I think the reitit thing isn't going to perform well in SCI compared to just doing it the straightforward way like e.g. https://github.com/tonsky/clj-simple-router which works in bb. The more you lean on pre-compiled core functions, the faster it'll get. But I haven't benchmarked anything so I might be wrong
It's related, as I build upon Reitit, but this for a tool like Sinatra (in Ruby). It sort of works now with Babashka, but I would like to have something magic with request params and I can only do it nicely with a custom type i think
You can make custom maps like this here: https://blog.wsscode.com/guide-to-custom-map-types/
scroll down to CMT in Babashka
Ah cool that might be what i need. Thanks! I'll have a look at and let you know later
O wait, I overlooked something. ILookup is of course an interface.
not a protocol. So I can't patch it
yeah I guess I could fork clojure... :-s
Yea, I think scify only works for protocols and only when you are building the sci ctx yourself (ie. not babashka compatible).

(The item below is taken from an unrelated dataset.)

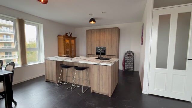 De woonkamer van circa 38 m² is heerlijk licht door de vele ramen en biedt een prettig uitzicht over de omgeving. De ruimte is afgewerkt met een fraaie pvc-vloer en voorzien van vloerverwarming/-koeling. Via de woonkamer is er middels openslaande deuren toegang tot het ruime balkon met elektrische zonwering. Het balkon is gelegen op het westen, met volop middag- en avondzon.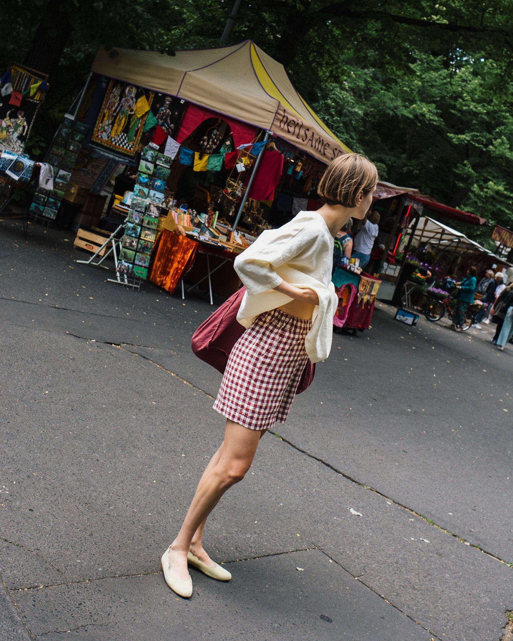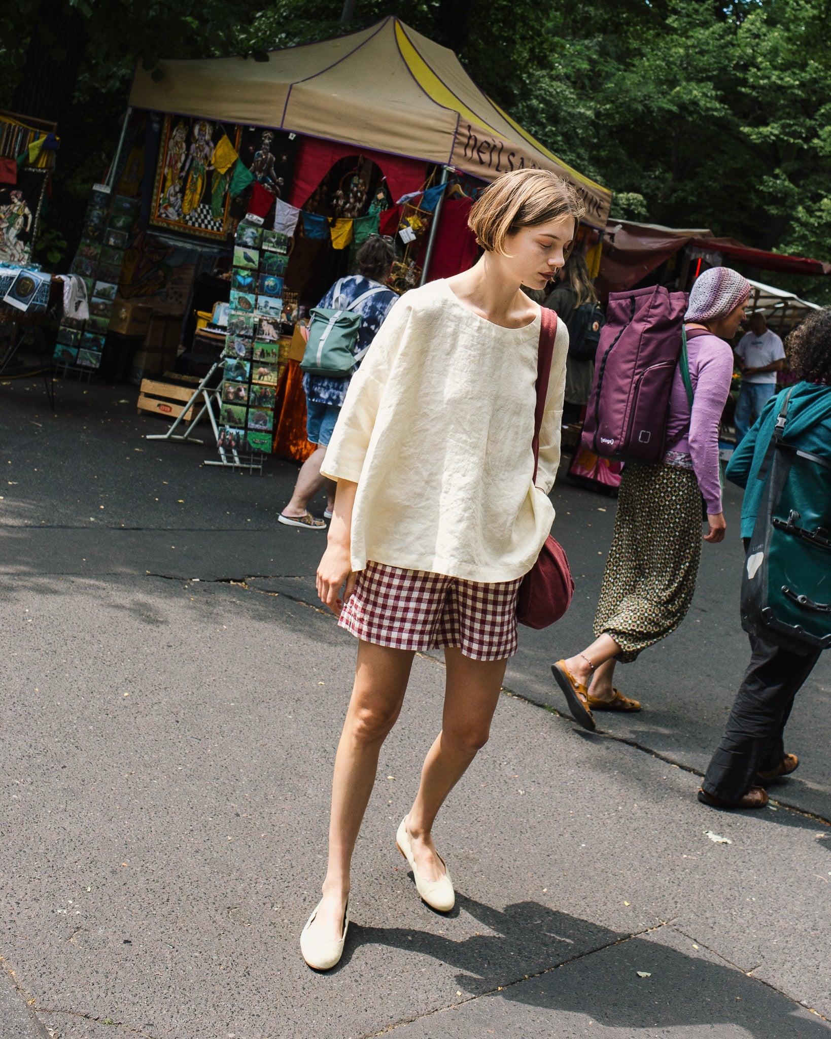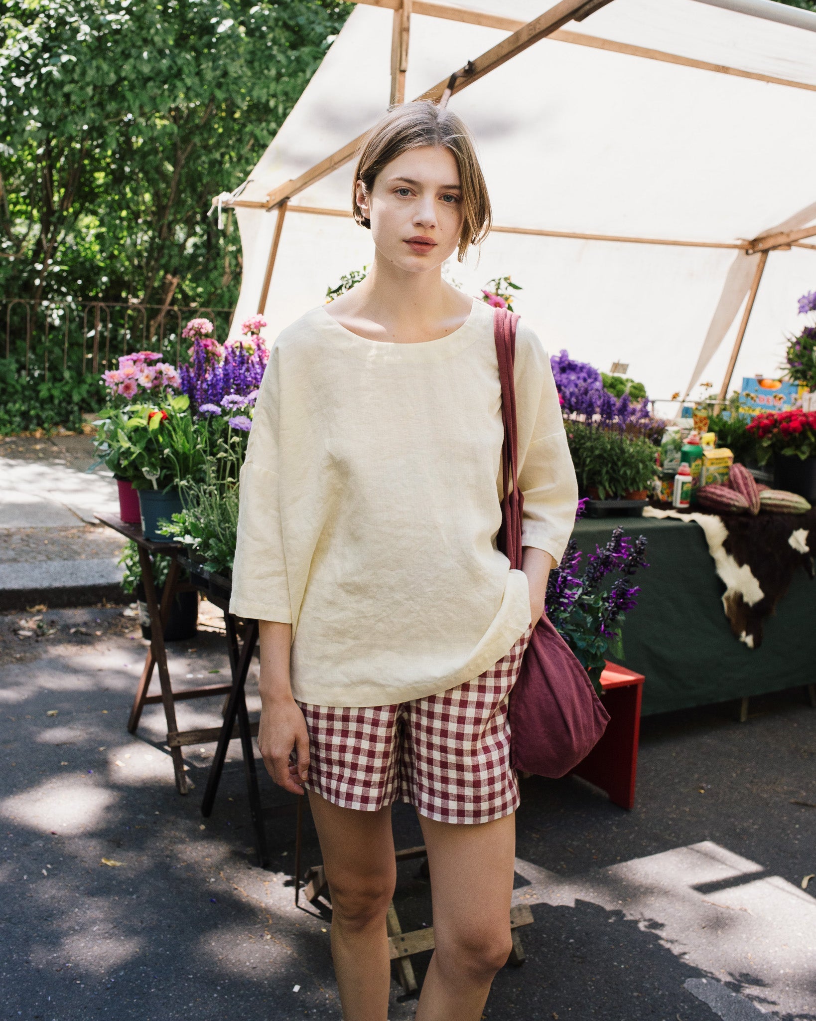 • The model is 5'8" tall (174 cm), size S, and wears shorts in medium weight 'Marsala gingham' color.

yeah you mean: not from source. that's not expected of course. we were just looking for a hack to make ILookup properly work within SCI in combination with pre-compiled stuff
I guess I could still fork clojure and patch get
maybe just reloading clojure.core + patching get would get rid of the AOT inlining effect
no get has an inline thing. patching clojure.lang.RT/get would be more effective
this still wouldn't solve the problem for other Java interfaces though which are common in deftype / reify
Yeah sounds like it is quite tricky. I will think about what you said. I didn't think it through that much before
Btw, the proxy approach works. So that's already nice
I am curious what the usual approach is for deploying a babashka script that is part of a project that also has non CLI, web app functionality. I have a project that is essentially a pedestal app. There is a companion command line tool, also in the project, done via babashka script (which uses some project namespaces) at the root project level alongside a bb.edn. This works well locally as a project dir, I can run the script as well as load/launch web app stuff from a repl. But this all ultimately needs to run on the server. To deploy as a web app there I make an uberjar of the project via tools.build and put this on the server and it gets launched and run as a service. Is there some way to run the babshka script from within that project uberjar? Or do I need to do something else to make it available? Maybe I should https://book.babashka.org/#_uberscript separately? Is that what people usually do? Or I could just git clone the project dir onto the server and setup the bb cli path as I do locally. Thanks for any general guidance π
if the bb sources are in the jar, you should be able to use them via bb βclasspath project.jar ,,,
I have you have tasks, you can put them in resources/META-INF/bb.edn (so on the classpath in META-INF ), then you can also use them with a jar (without having them on disk)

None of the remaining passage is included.